A data reception parallelism Tuning

(1 ) 
time (such as Kafka, Flume) receives data via a network, data is deserialized, the Spark and stored in memory. If the data receiving system is called a bottleneck, consider the received parallel data. 
Each input will start a DStream Receiver on a Worker Executor, which Receiver receives a data stream. DStream can be input by creating multiple, and they receive configuration 
different data partition data sources, to achieve the effect of receiving a plurality of data streams. For example, an input for receiving two DSTREAM Kafka Topic to be split into two DSTREAM inputs, each respectively receiving a 
data of topic. This creates two Receiver, thereby receiving in parallel data, thereby improving throughput. DSTREAM plurality union operator can be used for the polymerization, thereby forming a DStream. Then 
subsequent transformation operator operations to the one for DStream after polymerization. 

int NumStreams =. 5 ; 
List <JavaPairDStream <String, String >> kafkaStreams = new new the ArrayList <JavaPairDStream <String, String >> (NumStreams);
 for ( int I = 0; I <NumStreams; I ++ ) {
  kafkaStreams.add (KafkaUtils.createStream (...)); 
} 
JavaPairDStream <String, String> unifiedStream = streamingContext.union (kafkaStreams.get (0), kafkaStreams.subList (. 1 , kafkaStreams.size ())); 
unifiedStream. Print (); 


( 2 ) 
the data reception tuning parallelism, in addition to creating more than receiver input DStream and may also be considered adjustable block interval. By parameter, spark.streaming.blockInterval, you can set the block interval, 
the default is 200ms. Receiver For most, the before saving the received data to the BlockManager Spark, will be cut into a data of a block. While the number of block in each batch, then determines the 
number of partition RDD corresponds to the batch, and the number of task when the RDD for the implementation of transformation operation created. Each task batch corresponding to the number is approximately estimated, i.e. interval The batch / Block interval The.

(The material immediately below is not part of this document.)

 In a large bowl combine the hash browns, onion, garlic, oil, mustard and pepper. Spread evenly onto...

For example say, batch interval is 2s, block interval to 200ms, will create 10 task. If you think the task is too small quantity of each batch, that is lower than the number of cpu core of each machine, then it shows the number of batch task 
is not enough, because all cpu resources can not be fully utilized. To increase the number block for batch, then reduce the block interval. However, the recommended minimum block interval is 50ms, if less than this value, 
then the task of a large number of start-up time, could become a performance overhead point. 


( 3 ) 
In addition to receiving parallelism manner, there is a method of lifting above said two data, that is, to explicitly re-partitions the input data stream. Use inputStream.repartition ( <Number of Partitions> ) to. 
This allows the received BATCH, distributed over a specified number of machines, then further action.


Second, the task starts tuning

If the start of every second task is too much, for example, 50 per start, then send them to task performance overhead Executor of the Worker node will be relatively large, and this time it is difficult to achieve the basic millisecond delayed. 
Use the following procedure to reduce this overhead performance:

 . 1 , the sequence of the Task: Use Kryo serialization mechanism to serialize the task, the task can be reduced in size, thereby reducing the time to send the task to each node the Executor Worker.
2 , execution mode: Spark run in Standalone mode, you can achieve less task start time. 

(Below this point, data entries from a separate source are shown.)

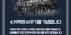 4.19 혁명 61주년 기념 안내 (2021. 4. 19) 오늘은 4.19 혁명 61주년이 되는 날입니다.학생 의거로 시작된 4.19 혁명, 지금의 청...
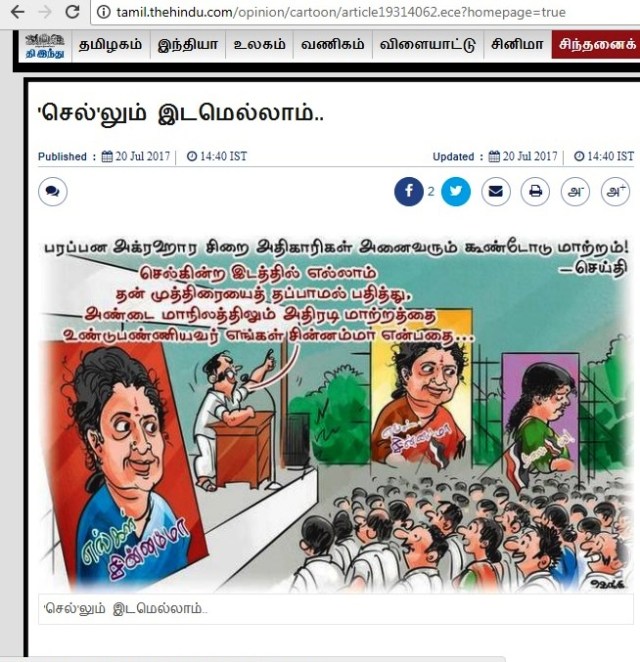 எவ்வளவு தெனாவெட்டு, அரசியல் அமைப்பின்மீதும், சட்டத்தின்மீதும் சசிகலாவுக்கு. விட்டால், பத்திரிகையில் அறிக்கையே வெளியிட்டுவிடுவார், எத்தனை கொடுத்தால் என்னை வெளியே விடமுடியும், யார் இந்தப் பணியை எடுத்துக்கொள்கிறீர்கள் என்று.
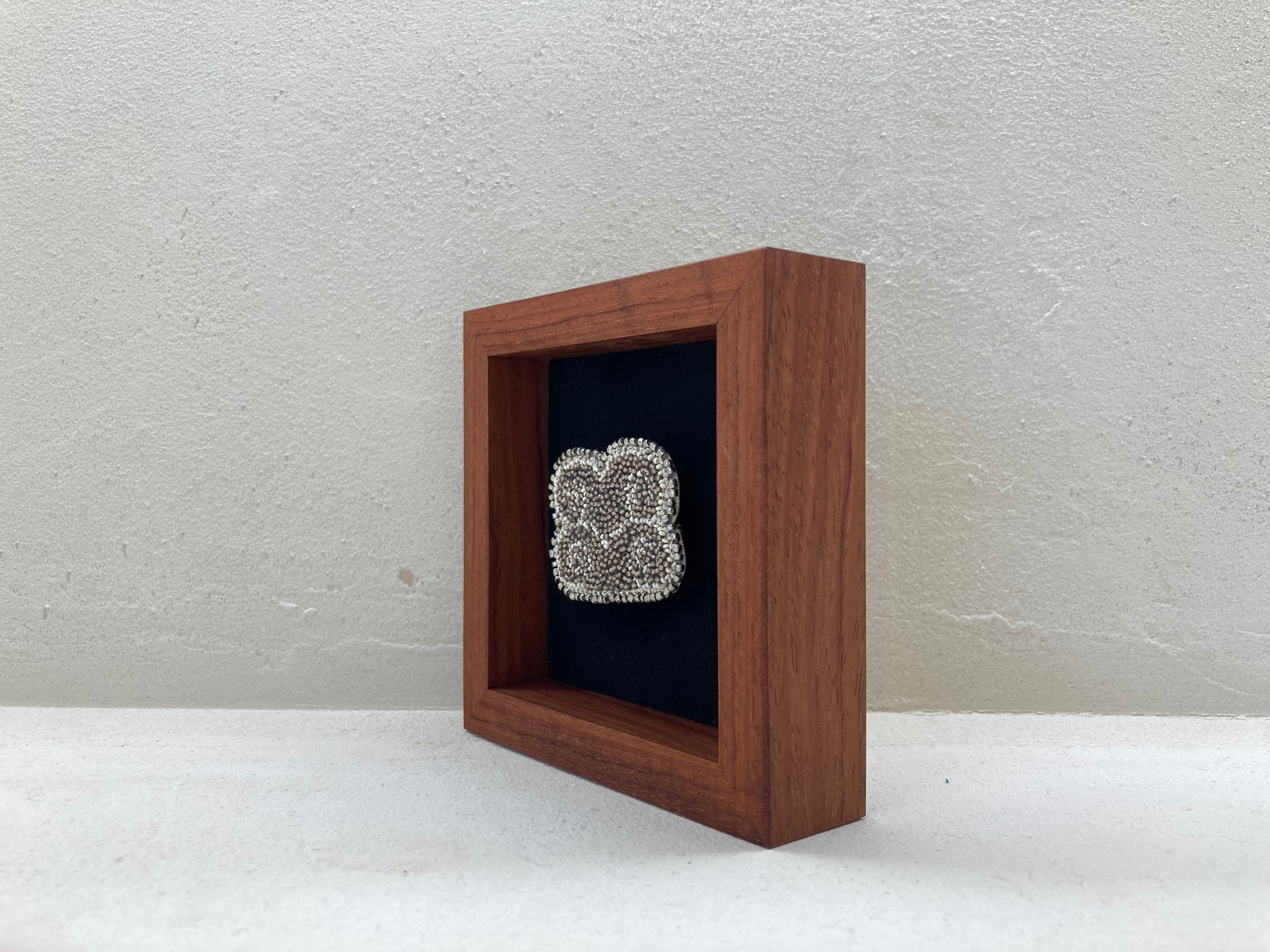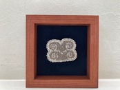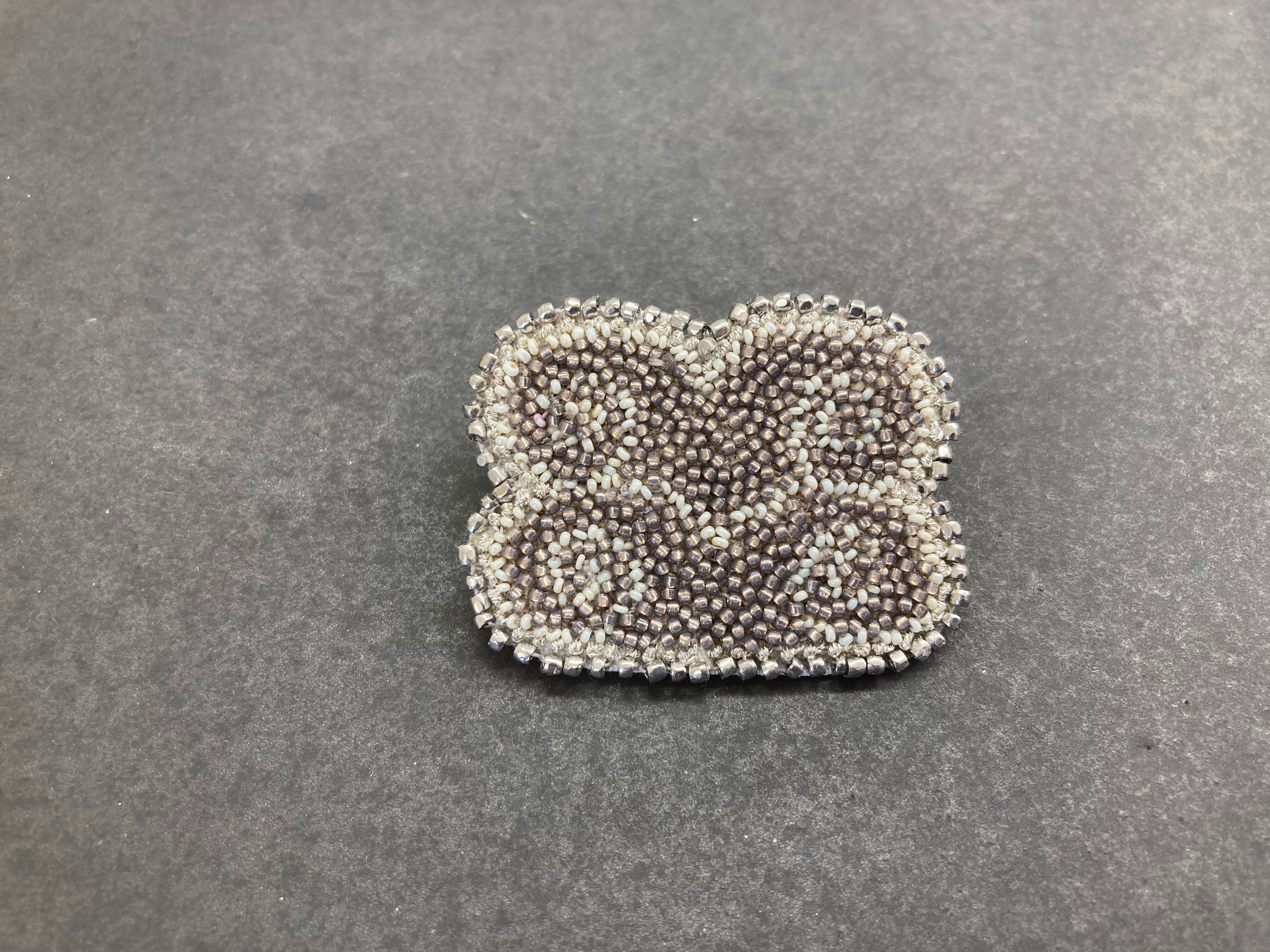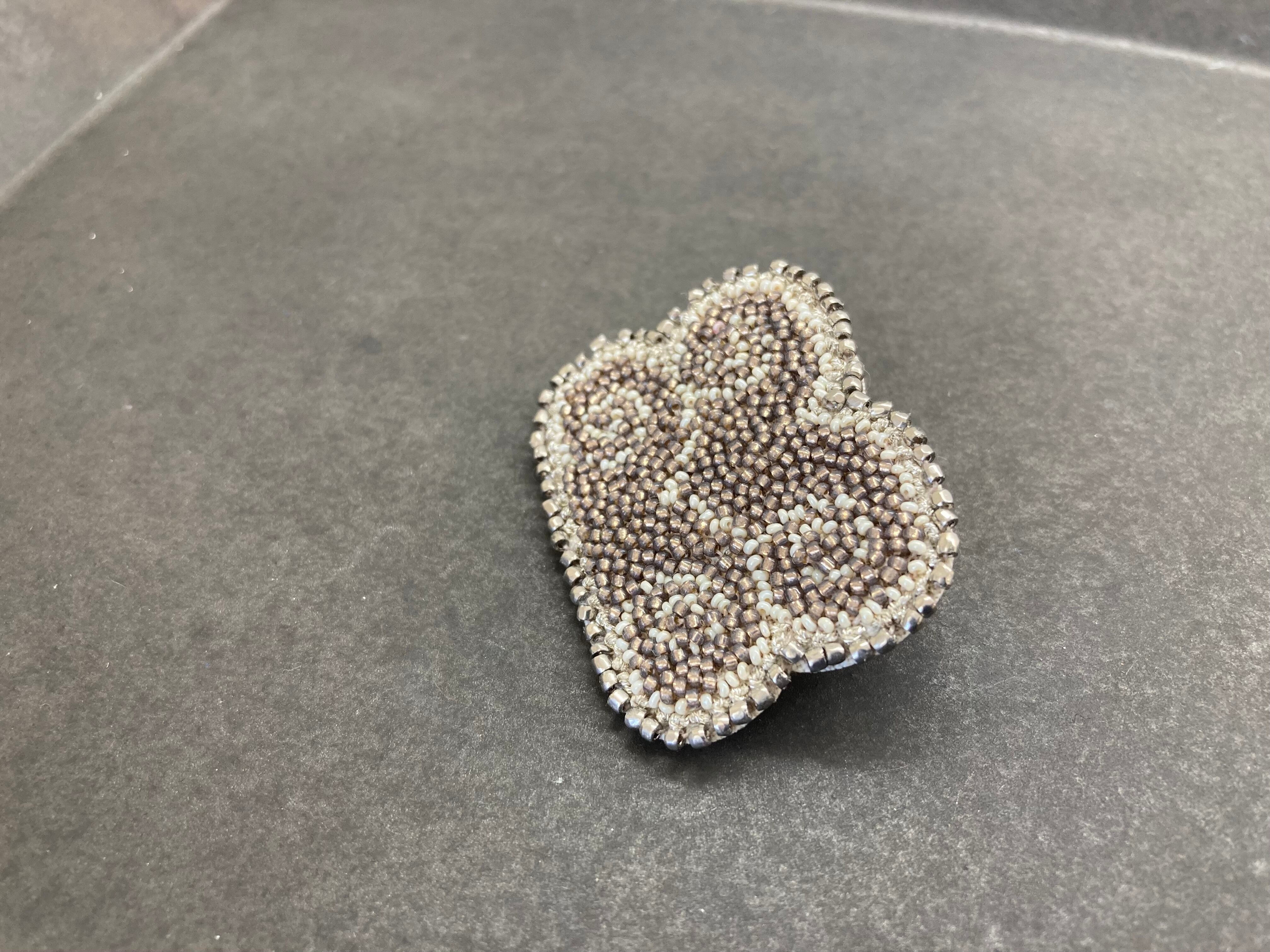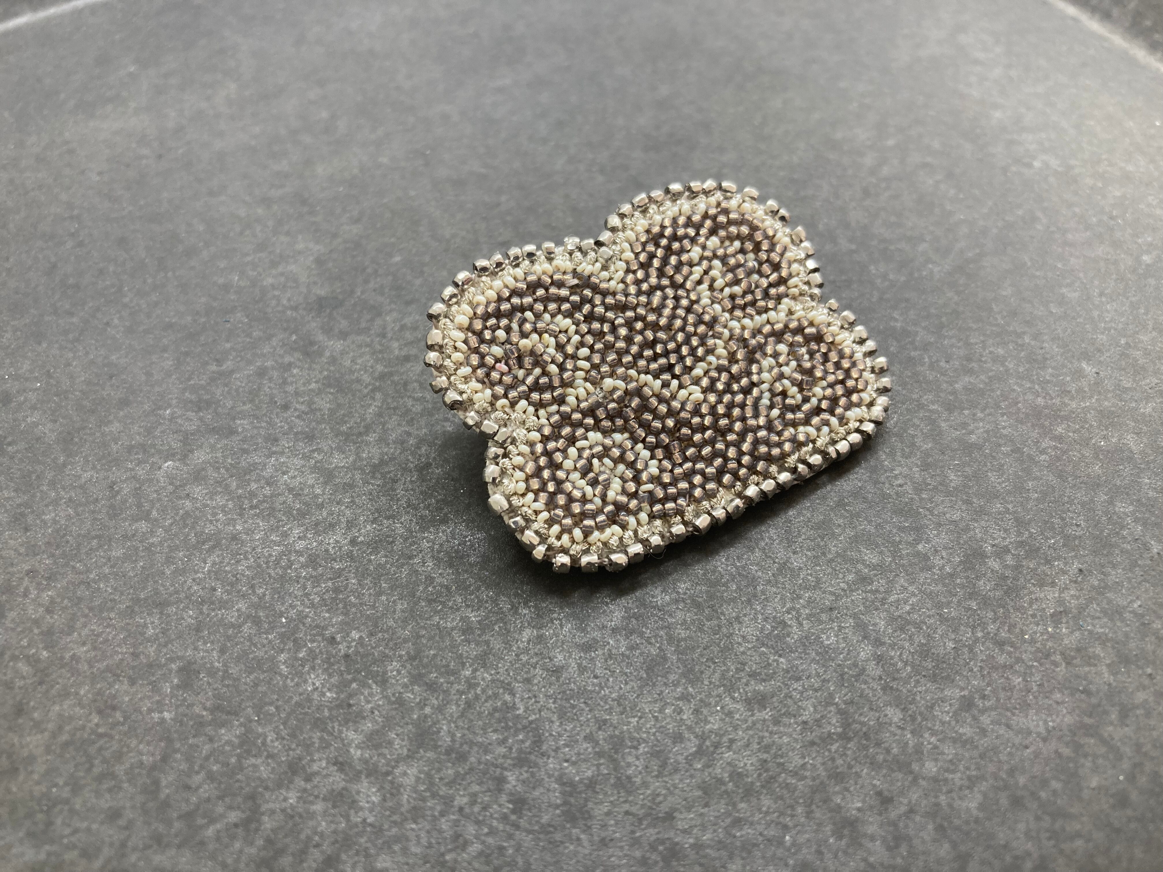 ひと針ひと針、ビーズを刺して作品に仕立てています。

The above-described embodiment, may be able to reduce the processing time for each batch of 100 milliseconds. Whereby the second level down to milliseconds.

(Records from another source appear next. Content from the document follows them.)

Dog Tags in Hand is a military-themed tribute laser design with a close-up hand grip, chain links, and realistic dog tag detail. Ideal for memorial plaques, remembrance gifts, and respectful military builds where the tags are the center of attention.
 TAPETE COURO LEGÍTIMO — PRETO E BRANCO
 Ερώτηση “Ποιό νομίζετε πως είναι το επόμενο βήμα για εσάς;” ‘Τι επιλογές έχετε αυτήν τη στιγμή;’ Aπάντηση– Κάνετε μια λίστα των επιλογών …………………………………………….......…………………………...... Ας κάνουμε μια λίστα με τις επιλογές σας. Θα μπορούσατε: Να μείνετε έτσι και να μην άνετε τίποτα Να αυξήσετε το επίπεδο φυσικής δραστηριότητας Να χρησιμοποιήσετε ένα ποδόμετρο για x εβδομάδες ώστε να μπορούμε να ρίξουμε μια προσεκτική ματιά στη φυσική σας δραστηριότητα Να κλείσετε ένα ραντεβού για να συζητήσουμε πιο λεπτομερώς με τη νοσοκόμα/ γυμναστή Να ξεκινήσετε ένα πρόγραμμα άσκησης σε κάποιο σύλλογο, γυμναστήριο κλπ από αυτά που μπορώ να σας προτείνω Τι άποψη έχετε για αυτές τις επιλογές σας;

Third, the data processing parallelism Tuning

If the number of concurrent task used in any stage of the calculation is not enough, then the cluster resources are not fully utilized. For example, for distributed reduce operation, 
such reduceByKey and reduceByKeyAndWindow, the default is the number of parallel task. A Spark default .parallelism parameters determined. You can reduceByKey like operations, 
passing the second parameter, to manually specify the degree of parallelism of operation, can adjust the overall Spark. Default .parallelism parameters.


Fourth, data serialization tune

(1 ) 
overhead resulting serialized data may be reduced by the format of the optimized sequence. At a flow computing scenarios, there are two types of data need to be serialized. 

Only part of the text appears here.